Oilfield services companies including Haliburton and Schlumberger would likely benefit from initiatives to expand drilling in the Gulf of Mexico and Alaska. Natural gas companies including EQT and CNX Resources could benefit from facilities and pipeline projects. Meanwhile, clean energy companies, such as First Solar and many electric vehicle makers, could have a harder time growing if Trump cuts tax credits and other incentives for the industry.

But remember Trump’s first term, says Austin Pickle, investment strategy analyst at Wells Fargo Investment Institute. The thought back then, like now, was that Trump would boost prices for oil-and-gas stocks. But energy stocks ended up struggling late in his term when the price of oil briefly went below zero during the COVID-19 pandemic.

— Damian Troise

Health Care

Drugmakers, insurers and other health care companies could benefit from fewer regulatory roadblocks to mergers and a lighter regulatory stance overall.

Insurers, in particular, may see some regulatory relief for Medicare Advantage plans, which are privately run versions of the government’s Medicare program mainly for people ages 65 and older. Under Democratic leadership, some insurers were facing smaller bonus payments tied to their Medicare Advantage plans. Some drugmakers are facing revenue hits on certain drugs covered by Medicare. Those challenges could abate under Republican rule, analysts at Morningstar noted.
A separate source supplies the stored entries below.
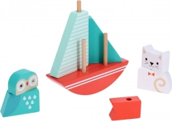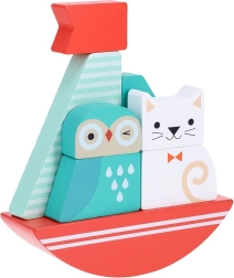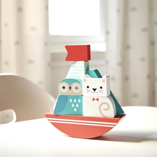 Nous vous présentons un adorable jouet en bois, idéal pour les plus petits explorateurs. Le bateau à assembler et équilibrer avec un motif de chouette et de chat offre un divertissement créatif et éducatif pour les enfants dès 12 mois. Ce jouet est composé de pièces en bois robustes, agréables au toucher et propices à la créativité.
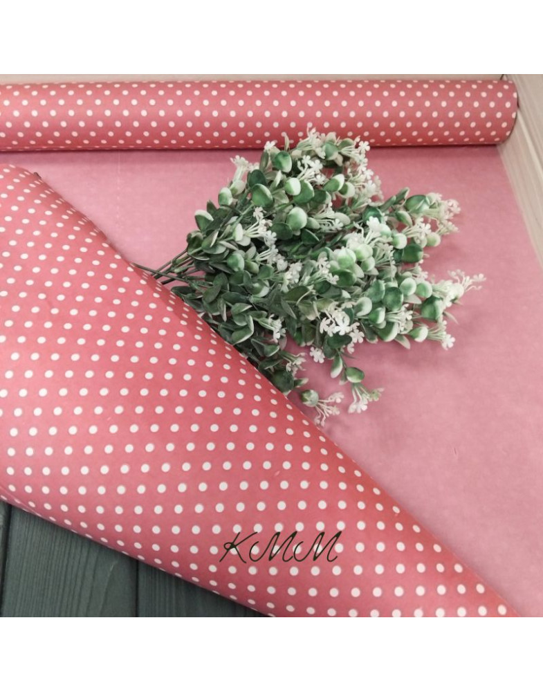Папір пакувальний Горох білий на рожевому ширина 70см - 1м
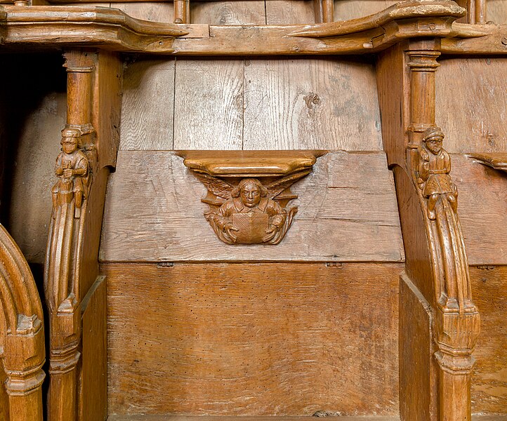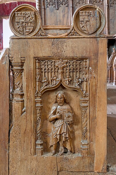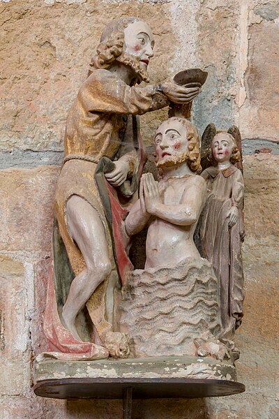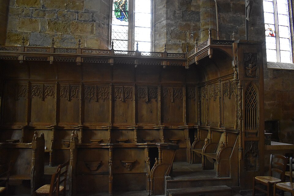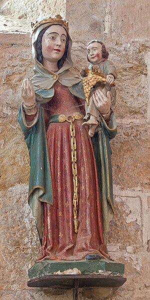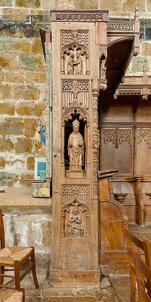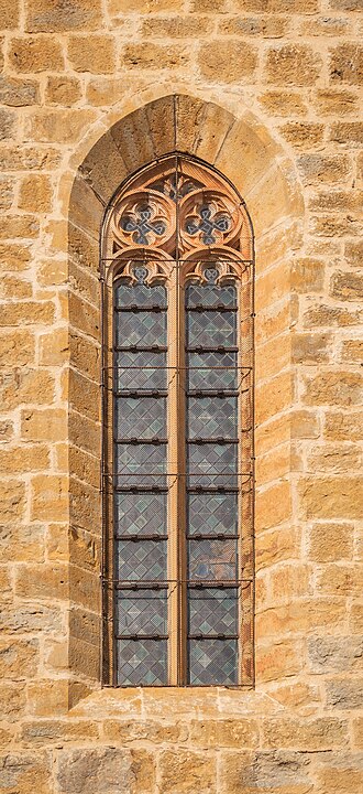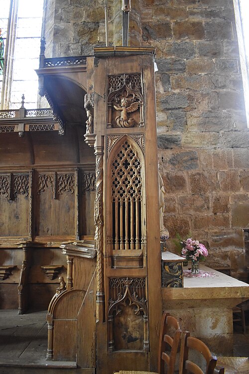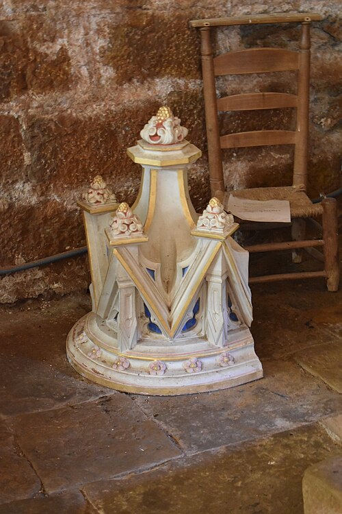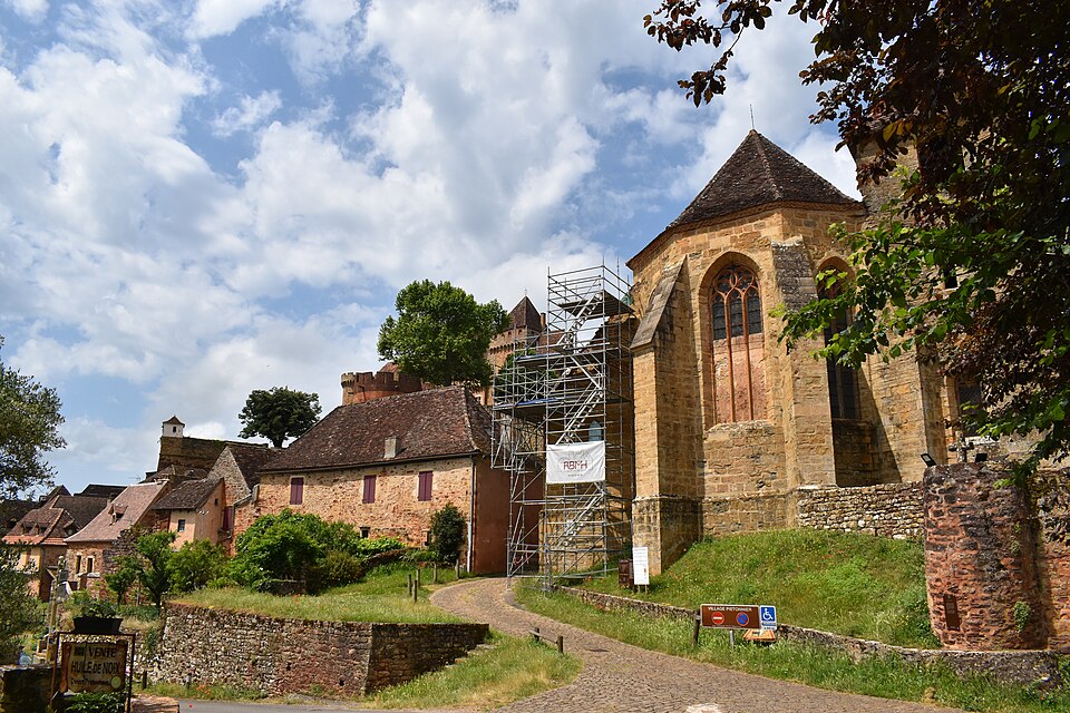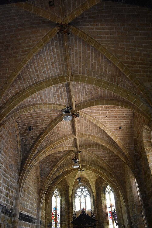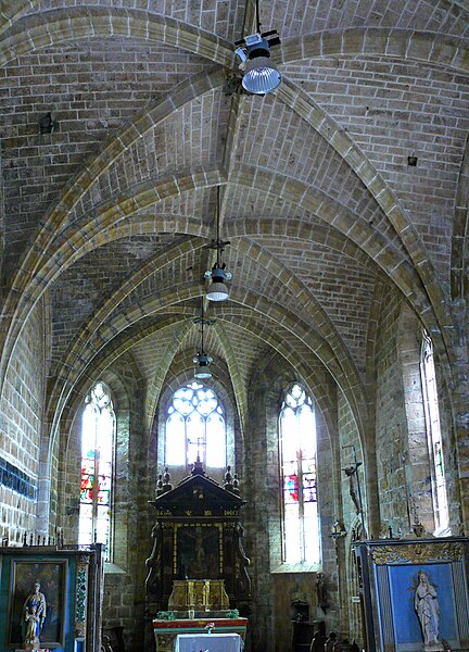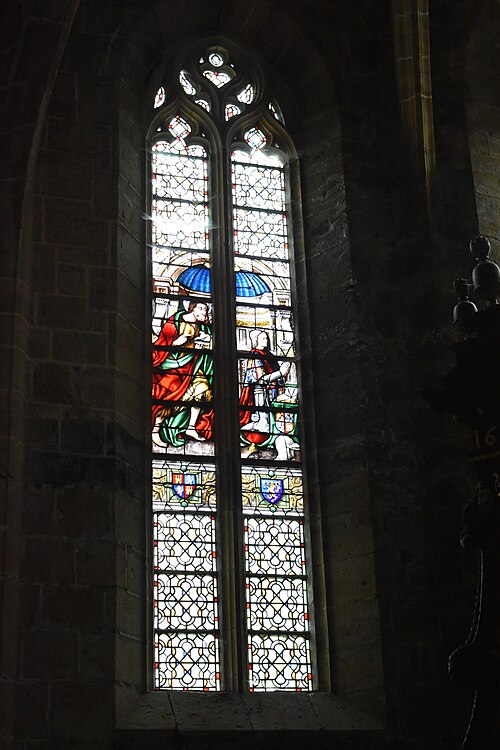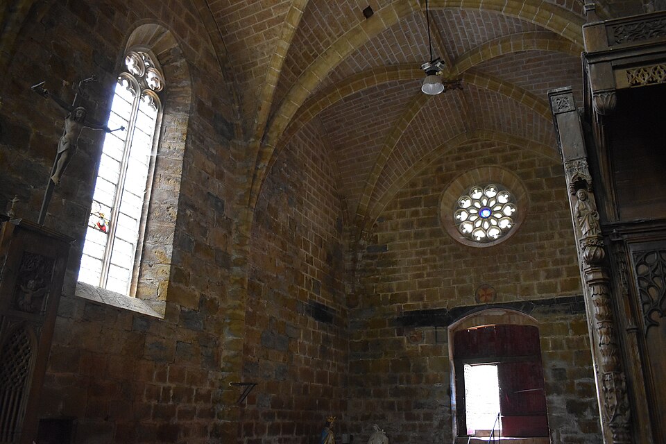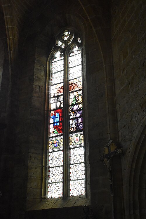 Les vitraux des baies de la nef datent du XVIe siècle, mais il n’en subsiste que des fragments remontés lors de la restauration des années 1990; la baie axiale, représentant une Crucifixion, avait été endommagée par l’installation du retable en 1663. De part et d’autre de la baie axiale figurent des verrières représentant Jean II de Castelnau en orant accompagné de saint Jean-Baptiste et son épouse Anne de Culant avec sainte Anne; Jean II s’était marié en 1459 avec Anne de Culant.

A second Trump administration also may challenge health care companies.

The approval of drugs and vaccines could become less predictable, depending on the role anti-vaccine activist Robert F. Kennedy Jr. plays, said Morningstar analyst Karen Andersen.

Health insurers that sell coverage on the Affordable Care Act’s insurance marketplaces or manage state-and-federally funded Medicaid coverage could face challenges if Republicans attempt to dismantle parts of the law, said Julie Utterback of Morningstar.
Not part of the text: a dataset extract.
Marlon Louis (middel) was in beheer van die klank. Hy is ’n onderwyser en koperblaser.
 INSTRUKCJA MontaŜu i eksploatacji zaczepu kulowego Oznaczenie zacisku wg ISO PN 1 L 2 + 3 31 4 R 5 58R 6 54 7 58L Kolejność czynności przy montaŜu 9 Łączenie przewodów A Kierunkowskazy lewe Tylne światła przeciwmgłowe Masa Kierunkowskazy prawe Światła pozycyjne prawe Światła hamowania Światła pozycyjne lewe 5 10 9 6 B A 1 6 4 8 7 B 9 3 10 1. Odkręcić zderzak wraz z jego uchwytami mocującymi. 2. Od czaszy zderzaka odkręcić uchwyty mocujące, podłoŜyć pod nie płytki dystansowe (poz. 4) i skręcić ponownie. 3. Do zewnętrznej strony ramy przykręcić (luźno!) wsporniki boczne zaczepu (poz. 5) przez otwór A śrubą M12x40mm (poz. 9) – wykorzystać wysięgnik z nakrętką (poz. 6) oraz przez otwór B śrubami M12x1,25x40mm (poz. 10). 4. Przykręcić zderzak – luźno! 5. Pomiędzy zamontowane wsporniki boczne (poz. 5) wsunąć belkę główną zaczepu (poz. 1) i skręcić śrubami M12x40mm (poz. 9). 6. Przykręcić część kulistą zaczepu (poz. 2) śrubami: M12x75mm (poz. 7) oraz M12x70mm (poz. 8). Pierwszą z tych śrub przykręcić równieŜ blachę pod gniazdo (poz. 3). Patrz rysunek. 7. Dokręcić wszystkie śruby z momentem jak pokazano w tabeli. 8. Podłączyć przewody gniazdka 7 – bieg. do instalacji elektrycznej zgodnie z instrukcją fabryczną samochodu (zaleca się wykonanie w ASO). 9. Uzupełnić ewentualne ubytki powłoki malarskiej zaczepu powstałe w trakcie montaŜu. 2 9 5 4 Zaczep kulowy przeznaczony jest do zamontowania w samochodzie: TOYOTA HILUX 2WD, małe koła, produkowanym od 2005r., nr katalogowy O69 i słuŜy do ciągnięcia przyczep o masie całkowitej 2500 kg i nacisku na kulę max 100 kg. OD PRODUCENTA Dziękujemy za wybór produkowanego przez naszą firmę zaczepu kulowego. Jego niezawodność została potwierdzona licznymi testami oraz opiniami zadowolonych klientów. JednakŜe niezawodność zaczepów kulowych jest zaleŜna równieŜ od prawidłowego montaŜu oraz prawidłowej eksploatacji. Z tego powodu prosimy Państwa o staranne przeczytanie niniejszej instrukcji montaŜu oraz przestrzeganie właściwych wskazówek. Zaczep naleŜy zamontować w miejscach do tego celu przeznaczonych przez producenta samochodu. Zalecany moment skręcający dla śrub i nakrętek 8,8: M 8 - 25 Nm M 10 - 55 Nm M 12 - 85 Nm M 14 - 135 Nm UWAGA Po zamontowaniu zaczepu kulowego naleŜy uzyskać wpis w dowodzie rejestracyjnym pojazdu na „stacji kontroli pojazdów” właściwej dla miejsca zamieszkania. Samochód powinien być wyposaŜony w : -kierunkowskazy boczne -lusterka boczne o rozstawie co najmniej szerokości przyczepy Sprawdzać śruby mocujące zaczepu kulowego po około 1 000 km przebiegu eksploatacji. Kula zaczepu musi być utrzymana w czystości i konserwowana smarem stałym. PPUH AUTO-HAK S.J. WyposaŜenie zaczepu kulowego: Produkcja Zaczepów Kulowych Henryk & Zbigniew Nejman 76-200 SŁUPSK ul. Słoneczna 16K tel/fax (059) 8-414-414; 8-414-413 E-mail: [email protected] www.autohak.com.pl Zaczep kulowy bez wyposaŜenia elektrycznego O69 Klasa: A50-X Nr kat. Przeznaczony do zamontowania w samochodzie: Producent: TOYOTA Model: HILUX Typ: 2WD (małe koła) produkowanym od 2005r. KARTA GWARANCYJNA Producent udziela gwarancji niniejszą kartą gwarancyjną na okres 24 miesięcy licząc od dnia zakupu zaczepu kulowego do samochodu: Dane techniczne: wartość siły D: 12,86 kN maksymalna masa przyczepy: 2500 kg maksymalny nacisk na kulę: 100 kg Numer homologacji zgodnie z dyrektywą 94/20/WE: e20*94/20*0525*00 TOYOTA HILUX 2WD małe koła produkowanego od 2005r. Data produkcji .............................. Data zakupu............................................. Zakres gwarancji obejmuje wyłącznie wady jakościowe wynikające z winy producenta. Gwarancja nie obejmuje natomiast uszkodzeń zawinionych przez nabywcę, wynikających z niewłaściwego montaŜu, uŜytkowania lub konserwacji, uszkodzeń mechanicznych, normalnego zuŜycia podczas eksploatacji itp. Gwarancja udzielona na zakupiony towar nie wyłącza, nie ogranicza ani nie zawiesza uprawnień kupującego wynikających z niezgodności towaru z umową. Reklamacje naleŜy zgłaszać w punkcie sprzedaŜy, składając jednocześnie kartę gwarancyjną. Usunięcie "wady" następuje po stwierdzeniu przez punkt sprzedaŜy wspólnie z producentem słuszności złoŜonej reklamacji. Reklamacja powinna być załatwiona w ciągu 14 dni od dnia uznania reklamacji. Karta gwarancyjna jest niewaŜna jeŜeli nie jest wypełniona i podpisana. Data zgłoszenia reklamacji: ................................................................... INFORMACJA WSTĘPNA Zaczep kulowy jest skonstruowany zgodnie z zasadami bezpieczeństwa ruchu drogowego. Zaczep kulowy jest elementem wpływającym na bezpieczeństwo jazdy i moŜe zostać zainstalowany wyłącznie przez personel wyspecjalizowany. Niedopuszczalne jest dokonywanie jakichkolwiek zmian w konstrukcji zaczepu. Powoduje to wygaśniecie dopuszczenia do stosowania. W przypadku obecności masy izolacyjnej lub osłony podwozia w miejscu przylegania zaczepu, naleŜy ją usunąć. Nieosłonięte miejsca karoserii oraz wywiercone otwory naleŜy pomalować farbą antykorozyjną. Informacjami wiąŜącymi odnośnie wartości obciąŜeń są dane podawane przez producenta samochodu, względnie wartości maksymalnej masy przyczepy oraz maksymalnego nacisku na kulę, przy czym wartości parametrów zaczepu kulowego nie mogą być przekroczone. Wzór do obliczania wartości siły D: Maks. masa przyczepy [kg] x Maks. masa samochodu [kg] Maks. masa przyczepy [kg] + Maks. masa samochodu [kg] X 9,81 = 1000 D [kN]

In particular, extra subsidies that help people buy marketplace coverage are slated to expire at the end of next year, which could lead to enrollment drops.

— Tom Murphy

Autos

The auto industry is another that should welcome less restrictive regulations but dread tariffs.

Trump is likely to roll back or scrap tailpipe emissions limits for 2027 through 2032 imposed by the Biden administration. Companies like General Motors, Ford and Stellantis could more easily sell larger, less-efficient vehicles without paying hefty fines.